In connection with our opinion expressed below, we have examined such documents and such matters of fact and law as we deem necessary to render the opinions contained herein. In our examination, we have assumed, but have not independently verified, the genuineness of all signatures, the conformity to original documents of all documents submitted to us as certified, facsimile or other copies, and the authenticity of all such documents. As to questions of fact material to this opinion, we have relied on certificates or comparable documents of public officials and of officers and representatives of the Company.

 

Based upon the foregoing assumptions, and subject to the qualifications set forth in this opinion letter, having considered such questions of law as we have deemed necessary as a basis for the opinion expressed below, we are of the opinion that the Shares that have been issued or that will be issued by the Company under and in accordance with the terms of the Plan, when sold in accordance with the terms of the Plan, will be validly issued, fully paid and non-assessable.

 

The opinions expressed herein are limited to the Delaware General Corporation Law. We do not express any opinion as to the effect on the matters covered by this letter of the laws of any other jurisdiction. The opinion expressed above is as of the date hereof only, and we express no opinion as to, and assume no responsibility for, the effect of any fact or circumstance occurring, or of which we learn, subsequent to the date of this opinion letter, including, without limitation, legislative and other changes in the law or changes in circumstances affecting any party.
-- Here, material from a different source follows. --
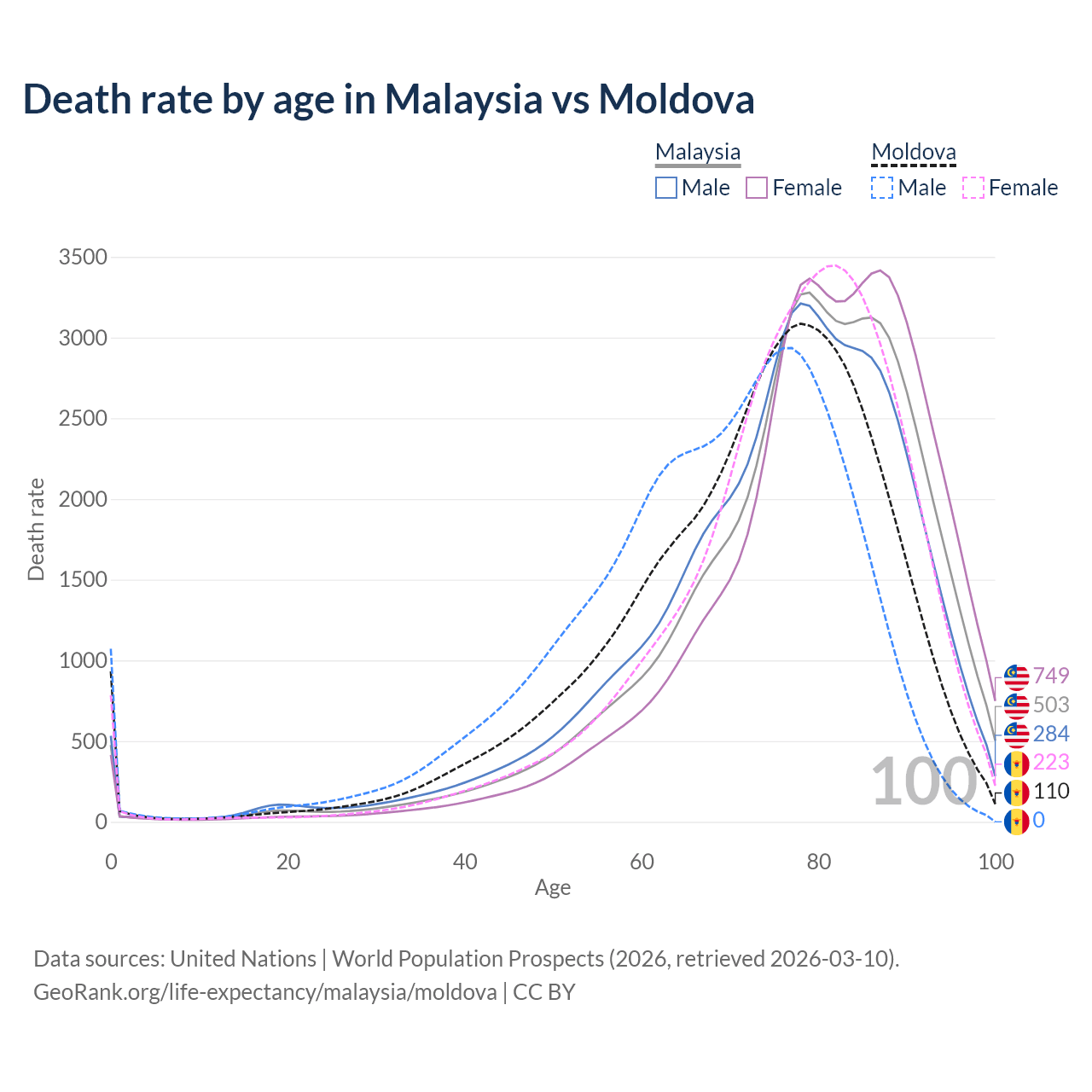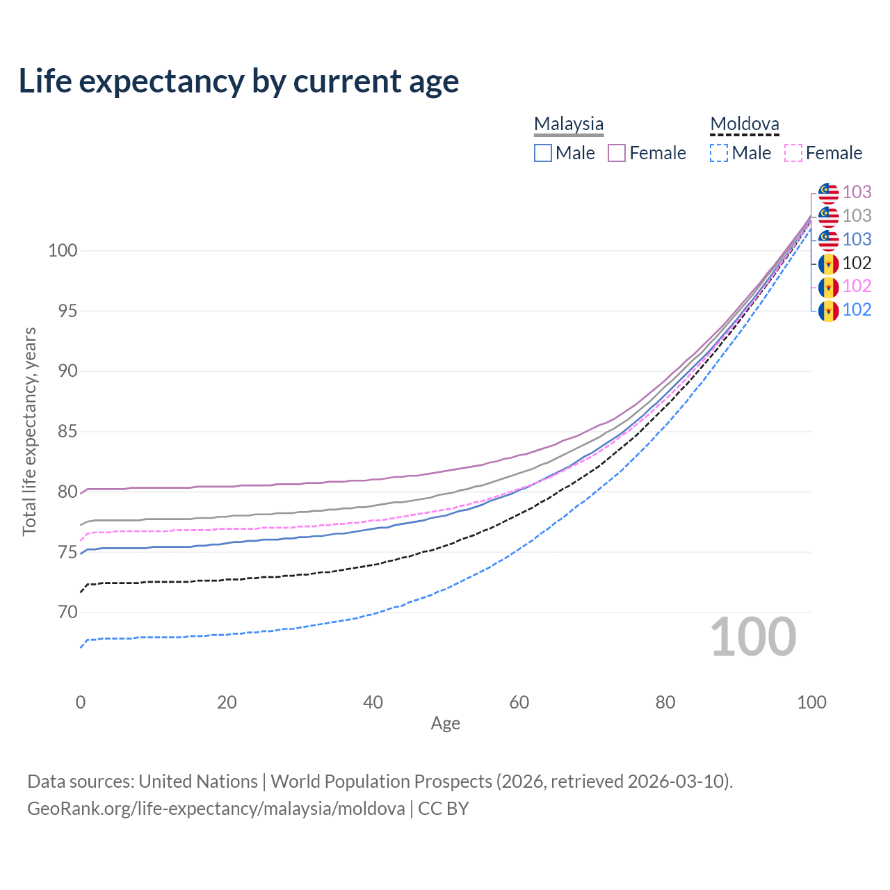 This life expectancy calculator shows the odds of living to 100, 95, 90, and below based on current age for both males and females in Malaysia and Moldova, along with mean and median age of death. The calculations are based on the 2026 life tables (actuarial tables) from the UN World Population Prospects.
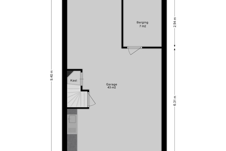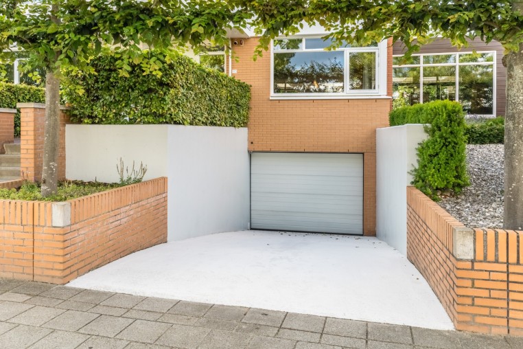 Grote garage, ± 43 m², met bergkast onder vaste trap, separate berging, unit t.b.v. centraal stofzuigsysteem, unit t.bv. vloerverwarming, RVS keukenblad en elektrisch bedienbare sectionaal deur.

We assume no responsibility to update this opinion letter for, or to advise you of, any such facts or circumstances of which we become aware, regardless of whether or not they affect the opinion expressed in this opinion letter.

 

 

 

 

 

 

We hereby consent to the filing of this letter as Exhibit 5.1 to the Registration Statement. In giving such consent, we do not hereby admit that we are in the category of persons whose consent is required under Section 7 of the Act or the rules and regulations of the Commission.